Hey, thank you so much for letting me on for a follow-up. I just had a real quick one. Just wondering, given the really strong loan growth you're seeing, just wondering how competition is faring and spreads are holding up. I understand there's quite a bit of difference between businesses, but just trying to get a sense of the direction of loan yields from here.

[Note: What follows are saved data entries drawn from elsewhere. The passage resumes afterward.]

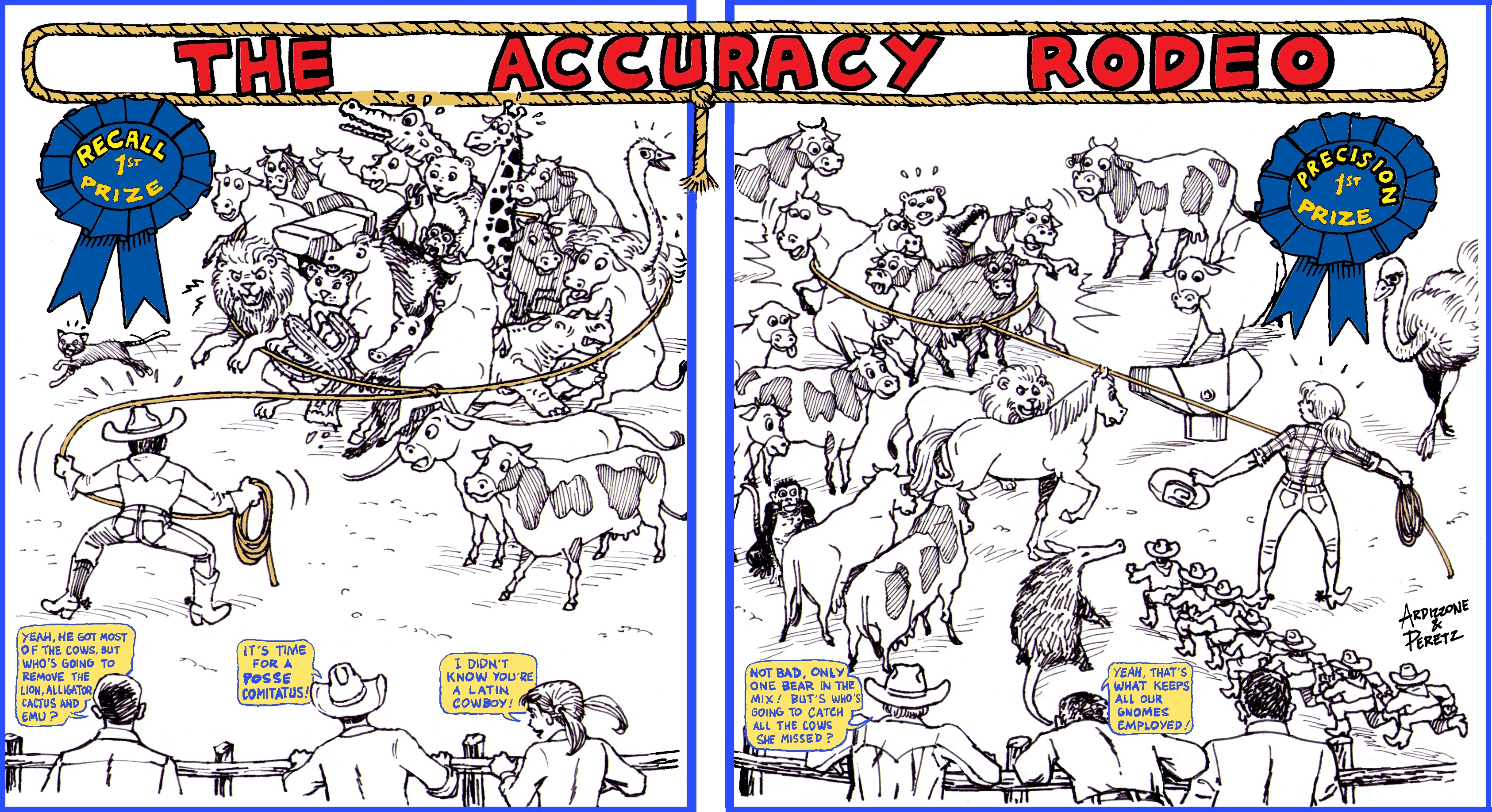 The result is that a model with high recall, but poor precision, which could have lots of false alarms that require a human to investigate. A high recall model is like a person who subscribes to every newspaper and magazine in the country, so she doesn’t miss an important story, with the result being that she has endless chaff to sort out in order to find the wheat.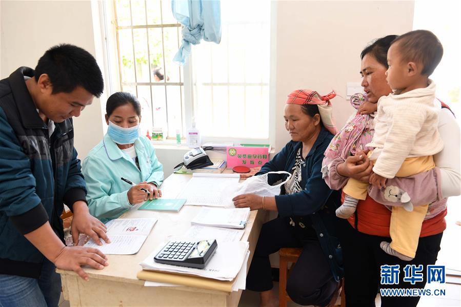 在云南省澜沧拉祜族自治县酒井乡岩因村,村医张惠仙(左二)在村卫生室接待前来看病的村民(2018年11月28日摄)。 新华社记者 杨宗友 摄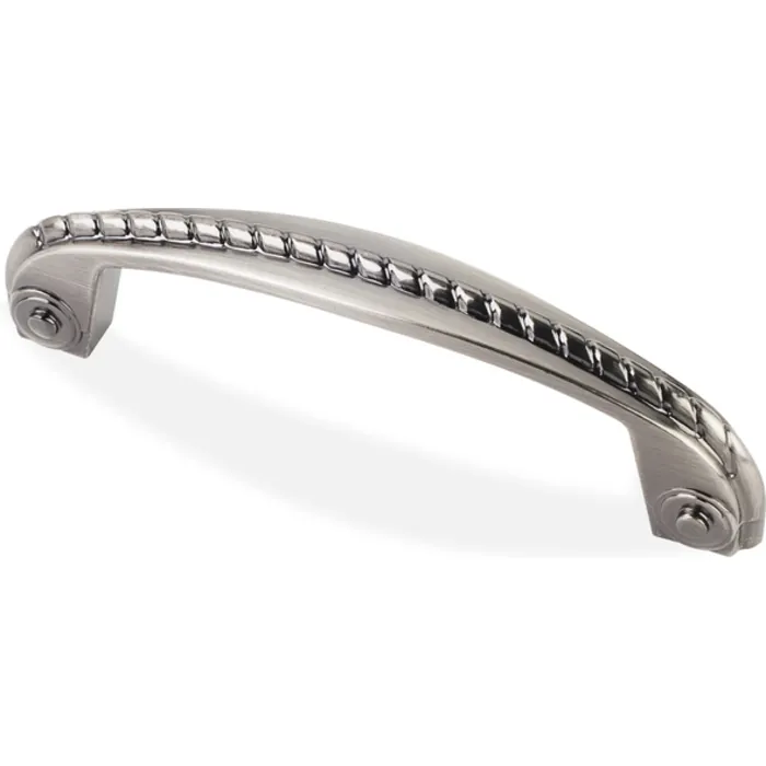 4-1/2" Overall Length Rope Detail Cabinet Pull. Holes are 96 mm center-to-center. Packaged with two 8-32 x 1" and two Break-away screws. Finish: Brushed Black Nickel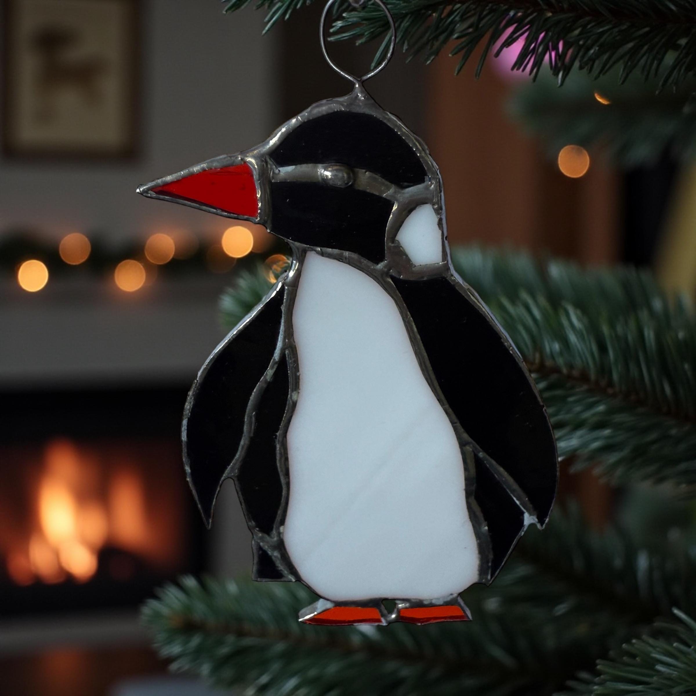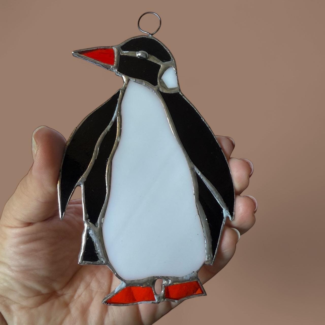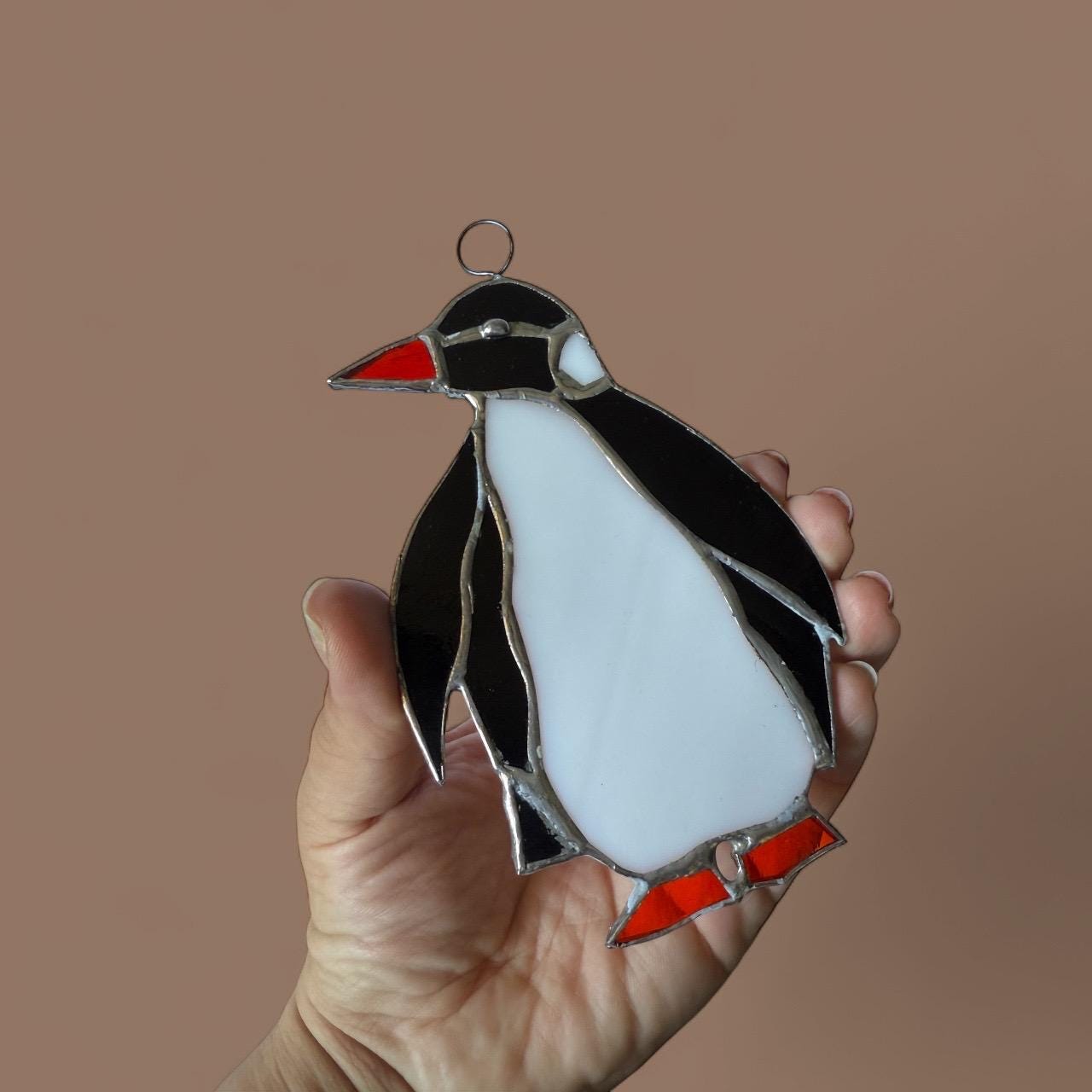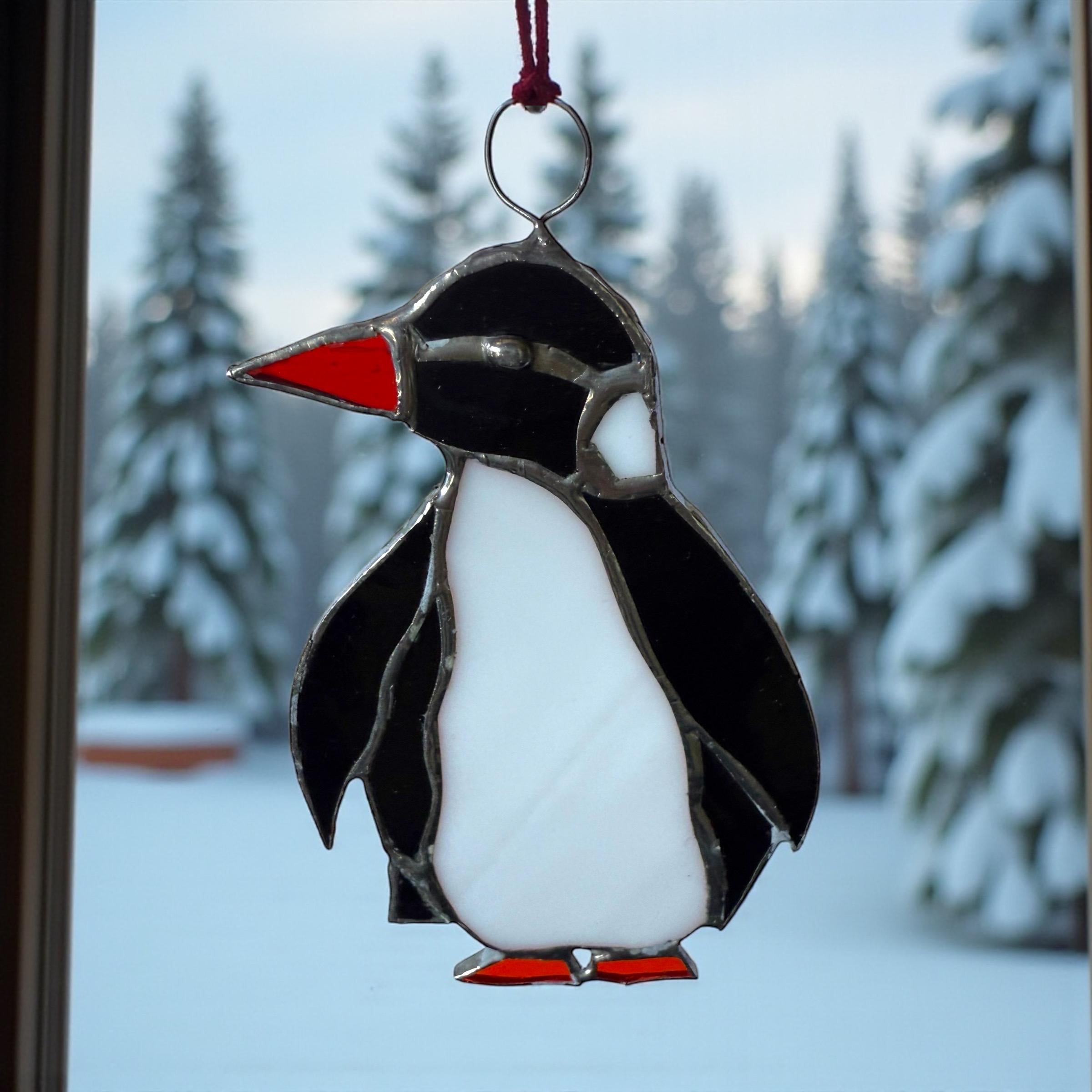 The suncatcher is made of stained glass featuring a lovely penguin using 3 glass tones at the composition using a tiffany glass method technique. Measuring 5 1/4 inches in length and 3 inches in width, this suncatcher is perfect for any room in your home, including the kitchen.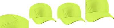 100% polyester front panel; Mesh back panels; 5-panel; Reflective sandwich bill; Reflective taping on mesh panels and closure; Two-piece hook and loop closure;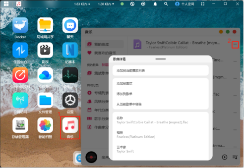 點擊音樂文件右邊的“...”,即可對音樂文件進行添加到當前播放列表、添加到喜歡、添加到歌單和從當前歌單中移除等操作。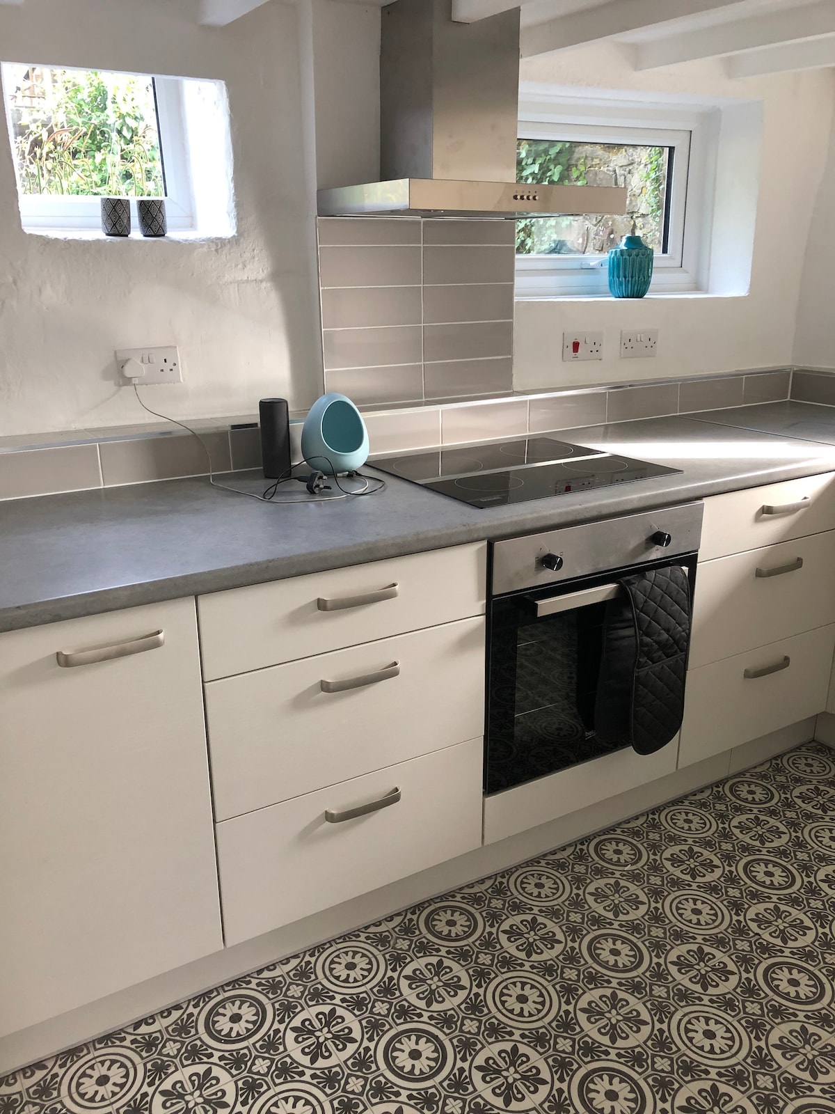 Ova neobična odvojena staja puna je karaktera i mira (nema WI-FI). Postoji kuhinja/dnevni boravak otvorenog tipa sa udobnim gorionikom ( cjepanice su dostupne po cijeni od 7 £ po mreži) i barom za doručak prekrivenim škriljcem. Objekat ima čvrste hrastove podove, osim škriljca u kupatilu, zato ne zaboravite papuče! Kuhinja uključuje rernu, ploču za kuvanje, frižider sa zamrzivačem, toster, mikrotalasnu rernu i čajnik. Udoban prostor za sjedenje otvara se na atraktivno dvorište i travnatu površinu. Žao nam je, nema kućnih ljubimaca

Yeah, you know, I feel that spreads are stable, I'd say, from where we are. I think that there was, to the extent that there was compression, I feel like that, I'd say that compression has stopped. I do think that in some instances there's been, you know, some of the outflows in private credit and things like that have resulted in just a little bit of a different positive competitive dynamic, but it's not enough to say that you're taking back any of that compression that kind of happened over the prior year. but I feel pretty good about where we are now in general. I think we're going to have – there will be a credit here and there that, you know, they're going to be bargaining and fighting about, but I think we've done a pretty good job and have a pretty good max. And, you know, I think also with respect to, you know, some of the lending is a little bit higher spread, so I think we've got a pretty good max that allows us to keep spreads where they are.

Kelly Mata Analyst — KBW

Great. Thank you so much. Thank you.

Operator

Thank you. And there appears to be no additional questions at this time, so I'll hand the floor back to Johnny Lai for closing remarks.

Johnny Lai Head of Investor Relations

Great. Thanks, everyone, for joining us, and we'll talk to you next quarter.

Operator

That concludes today's call. All parties may disconnect. Have a good day.